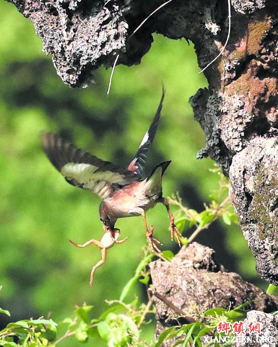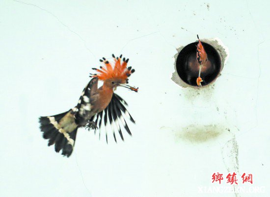 5月12日,成都市新津县兴义镇兴义绿道旁的一居民小区,两只戴胜鸟往返于田野与巢穴,他们不断捉回虫子,喂食刚出壳不久、嗷嗷待哺的幼鸟。戴胜鸟因为繁殖困难,在成都平原并不常见,其外形非常独特:头顶五彩羽毛,尖长细窄的小嘴,错落有致的羽纹……
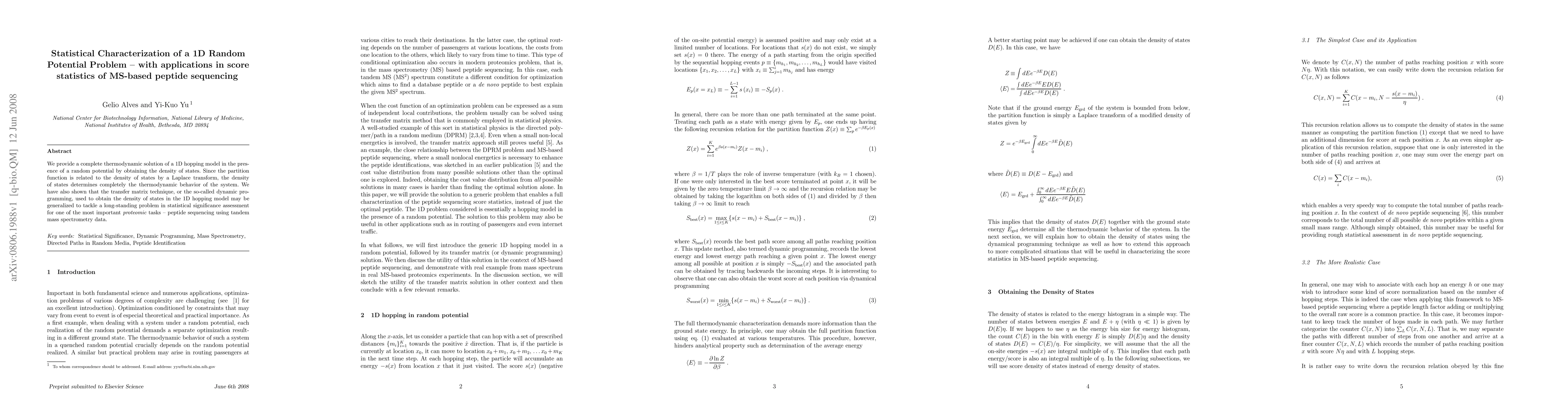 We provide a complete thermodynamic solution of a 1D hopping model in the presence of a random potential by obtaining the density of states. Since the partition function is related to the density of states by a Laplace transform, the density of states determines completely the thermodynamic behavior of the system. We have also shown that the transfer matrix technique, or the so-called dynamic programming, used to obtain the density of states in the 1D hopping model may be generalized to tackle a long-standing problem in statistical significance assessment for one of the most important proteomic tasks - peptide sequencing using tandem mass spectrometry data.
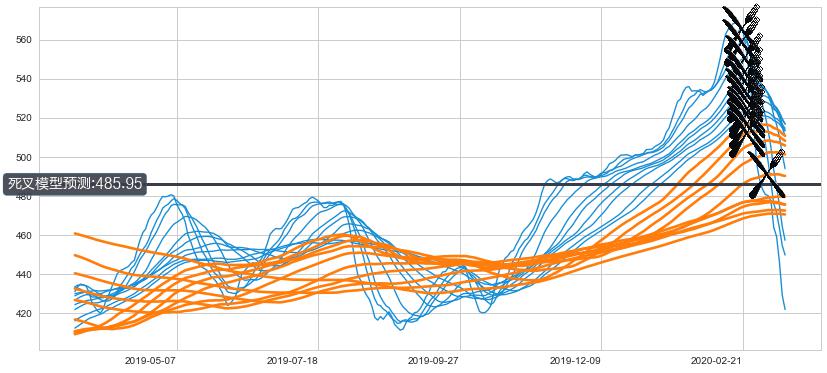 ➣ 70小时均线于(2020-02-24: 516.55)形成【死叉】基于【死叉历史模型】预测死叉后最低波谷价格: 478.51, 死叉后最低价格386.22,已经下跌超出预测最低波谷价格, 预期反弹
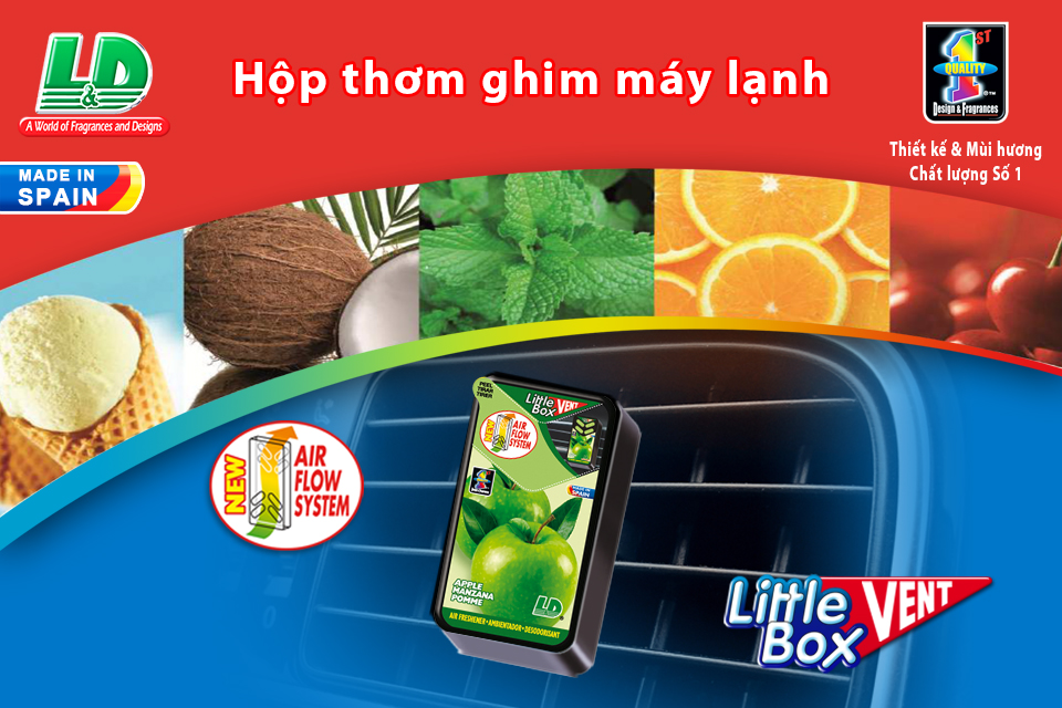 - Hộp thơm ghim máy lạnh L&D LITTLE BOX Green Apple được chế tạo bằng công thức đặc biệt với hương táo xanh tự nhiên, dịu nhẹ.
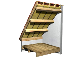 | NAN110 | Aislamiento térmico por el interior de cubiertas inclinadas de estructura de madera, sobre espacio habitable | |

# [Assigned task]
Give back all the material exactly, with no pictures.

# [Answer]
 5月12日,成都市新津县兴义镇兴义绿道旁的一居民小区,两只戴胜鸟往返于田野与巢穴,他们不断捉回虫子,喂食刚出壳不久、嗷嗷待哺的幼鸟。戴胜鸟因为繁殖困难,在成都平原并不常见,其外形非常独特:头顶五彩羽毛,尖长细窄的小嘴,错落有致的羽纹……
 We provide a complete thermodynamic solution of a 1D hopping model in the presence of a random potential by obtaining the density of states. Since the partition function is related to the density of states by a Laplace transform, the density of states determines completely the thermodynamic behavior of the system. We have also shown that the transfer matrix technique, or the so-called dynamic programming, used to obtain the density of states in the 1D hopping model may be generalized to tackle a long-standing problem in statistical significance assessment for one of the most important proteomic tasks - peptide sequencing using tandem mass spectrometry data.
 ➣ 70小时均线于(2020-02-24: 516.55)形成【死叉】基于【死叉历史模型】预测死叉后最低波谷价格: 478.51, 死叉后最低价格386.22,已经下跌超出预测最低波谷价格, 预期反弹
 - Hộp thơm ghim máy lạnh L&D LITTLE BOX Green Apple được chế tạo bằng công thức đặc biệt với hương táo xanh tự nhiên, dịu nhẹ.
 | NAN110 | Aislamiento térmico por el interior de cubiertas inclinadas de estructura de madera, sobre espacio habitable | |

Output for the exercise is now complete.